Application of Stabilized Explicit Runge-Kutta Methods to the Incompressible Navier-Stokes Equations by means of a Projection Method and a Differential Algebraic Approach

TL;DR

This thesis compares second-order stabilized explicit Runge-Kutta methods for incompressible Navier-Stokes equations, finding ROCK2 most efficient and versatile, while the differential algebraic approach offers better accuracy and stability despite higher computational cost.

Contribution

It provides a comparative analysis of RKC, ROCK2, and PIROCK schemes with projection and differential algebraic approaches for Navier-Stokes equations, highlighting their stability, accuracy, and efficiency.

Findings

ROCK2 is the most efficient and versatile method.

PIROCK exhibited unexpected instabilities.

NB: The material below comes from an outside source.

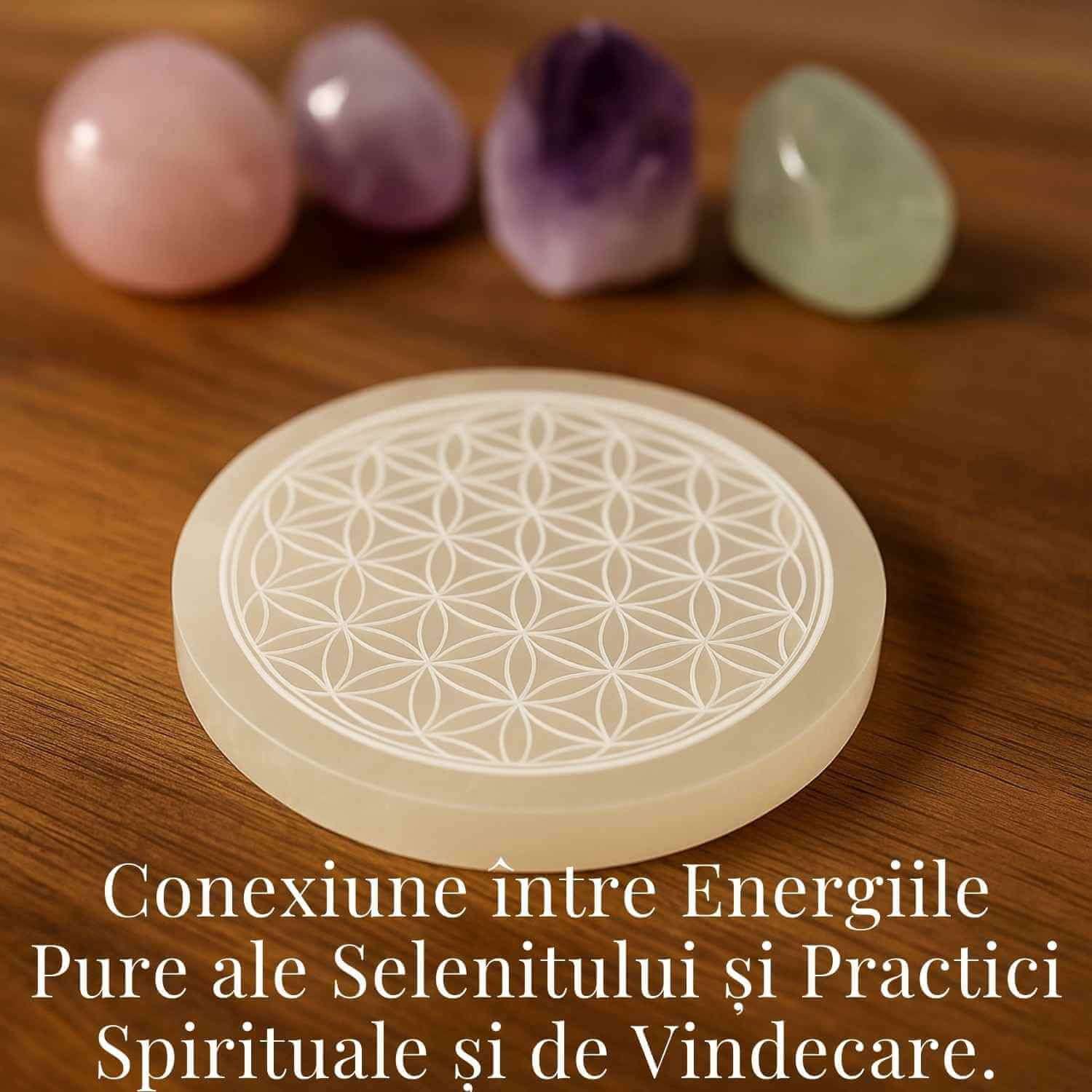 Aseaza-ti cristalele, intentiile si energia pe aceasta placa de lumina. Selenitul si Floarea Vietii te sustin sa-ti regasesti pacea interioara, claritatea si armonia divina a sufletului tau.

Differential algebraic approach offers better accuracy and stability.

Abstract

In this master thesis we have compared different second order stabilized explicit Runge-Kutta methods when applied to the incompressible Navier-Stokes equations by means of a projection method and a differential algebraic approach. We explored the stability and accuracy properties of the RKC, ROCK2 and PIROCK schemes when coupled with the projection and the differential algebraic approach. PIROCK has shown unexpected instabilities, ROCK2 resulted to be the most efficient and versatile Runge-Kutta method taken into account. The differential algebraic approach sounds computationally costly but it exhibits better accuracy and a larger stability region. These properties make it more efficient than the projection method. The theory presented in the first chapters is supported by numerical experiments.